**WORK TO COMPLETE**
Reproduce all of the data exactly. Images are not to appear in the reply.
*** GIVEN MATERIAL ***
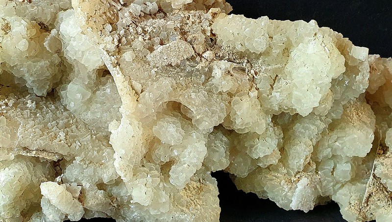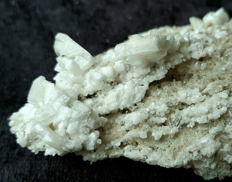 Die Stufe besteht fast ganz aus vielen weißen und scharfkantigen Adularen bis ca. 20 mm. Größere Partien der Adulare sind mit wirrstrahlig aufgewachsenen und hochglänzenden Laumontit-Kristallen bewachsen. Dazu gehört in Kavernen der Stufe etwas angelöster Bergkristall. Die Stufe ist an einer Seite geschnitten. Gewicht: 125 g.
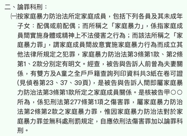 → joejoe14758 : 違反了"家庭暴力罪" 04/18 14:50
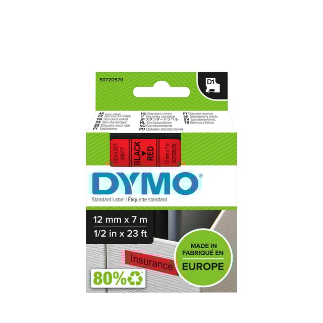 * De standaard Dymo D1 tapes zijn geschikt voor gebruik op gladde en vlakke ondergrond. * Indien u de tapes op een gebogen oppervlak wilt gebruiken, zoals stroomkabels, dan moet u de Dymo D1 flexibele nylon tape gebruiken. * Voor ruwe oppervlakken is de Dymo D1 permanent polyester tape het meest geschikt. * De standaard D1 tape is geschikt voor vrijwel alle Dymo LabelManagers en Dymo LabelPoint tape printers. * D1 tapes zijn niet geschikt voor tape printers van andere merken en ook niet geschikt voor LetraTagen en Rhinoprinters. * Met een 12mm brede tape kunt u zeer duidelijke belettering aanbrengen. * De 12mm tape is de meest gebruikte tape en daarmee geschikt voor alle normale beletteringstaken. * Hou rekening met de marges die langs de randen van de tape nodig zijn voor de printer, de tekstgrootte zal maximaal 9mm zijn. * De bandlengte is 7m. * De kleur van de tape is rood de opdruk zwart.
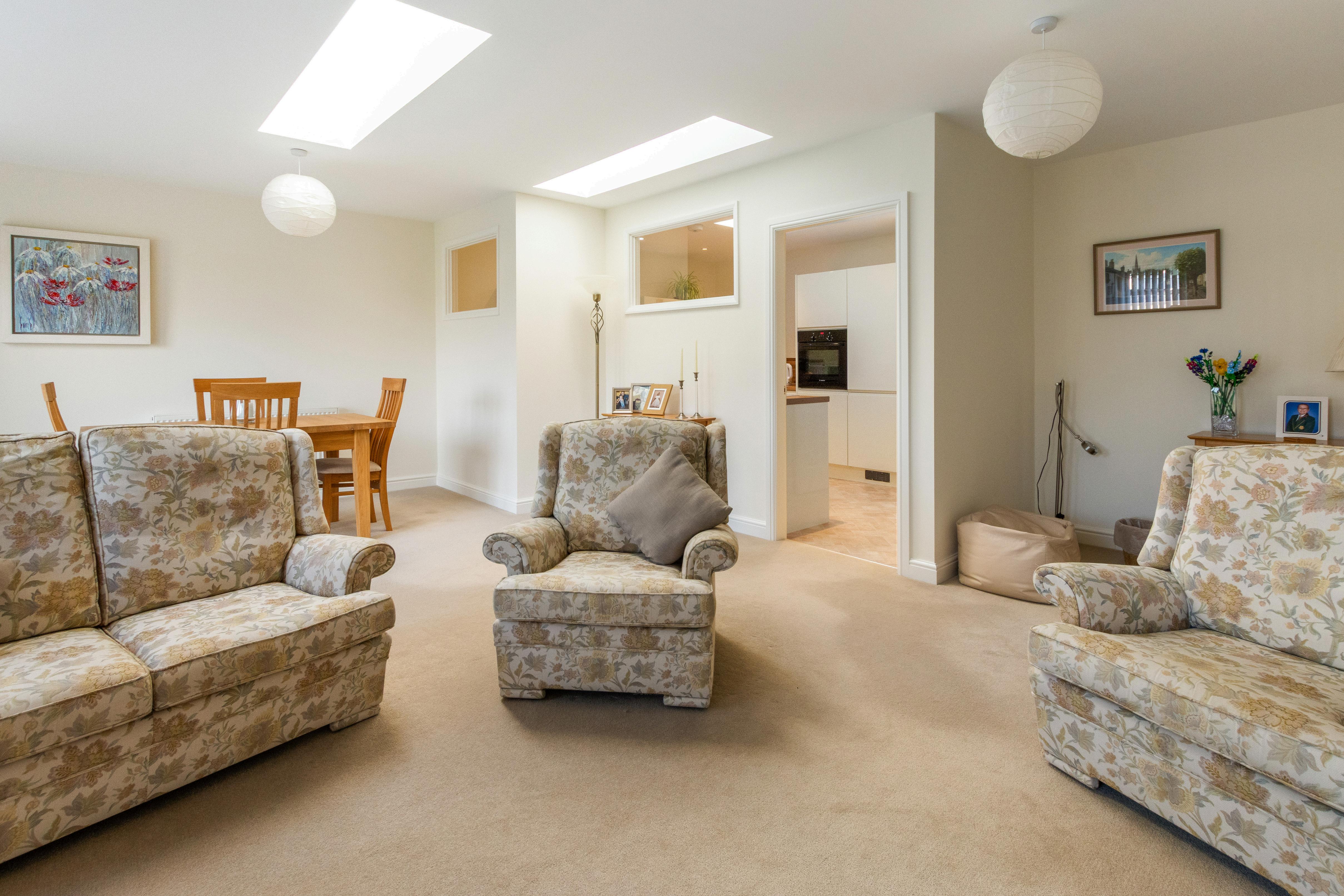 At the heart of the home is a spacious open-plan living area, perfect for both everyday life and entertaining. Flooded with natural light, this welcoming space features doors opening directly onto the garden, creating a seamless connection between indoor and outdoor living.
*** End of GIVEN MATERIAL ***
**RESPONSE BOX**
 Die Stufe besteht fast ganz aus vielen weißen und scharfkantigen Adularen bis ca. 20 mm. Größere Partien der Adulare sind mit wirrstrahlig aufgewachsenen und hochglänzenden Laumontit-Kristallen bewachsen. Dazu gehört in Kavernen der Stufe etwas angelöster Bergkristall. Die Stufe ist an einer Seite geschnitten. Gewicht: 125 g.
 → joejoe14758 : 違反了"家庭暴力罪" 04/18 14:50
 * De standaard Dymo D1 tapes zijn geschikt voor gebruik op gladde en vlakke ondergrond. * Indien u de tapes op een gebogen oppervlak wilt gebruiken, zoals stroomkabels, dan moet u de Dymo D1 flexibele nylon tape gebruiken. * Voor ruwe oppervlakken is de Dymo D1 permanent polyester tape het meest geschikt. * De standaard D1 tape is geschikt voor vrijwel alle Dymo LabelManagers en Dymo LabelPoint tape printers. * D1 tapes zijn niet geschikt voor tape printers van andere merken en ook niet geschikt voor LetraTagen en Rhinoprinters. * Met een 12mm brede tape kunt u zeer duidelijke belettering aanbrengen. * De 12mm tape is de meest gebruikte tape en daarmee geschikt voor alle normale beletteringstaken. * Hou rekening met de marges die langs de randen van de tape nodig zijn voor de printer, de tekstgrootte zal maximaal 9mm zijn. * De bandlengte is 7m. * De kleur van de tape is rood de opdruk zwart.
 At the heart of the home is a spacious open-plan living area, perfect for both everyday life and entertaining. Flooded with natural light, this welcoming space features doors opening directly onto the garden, creating a seamless connection between indoor and outdoor living.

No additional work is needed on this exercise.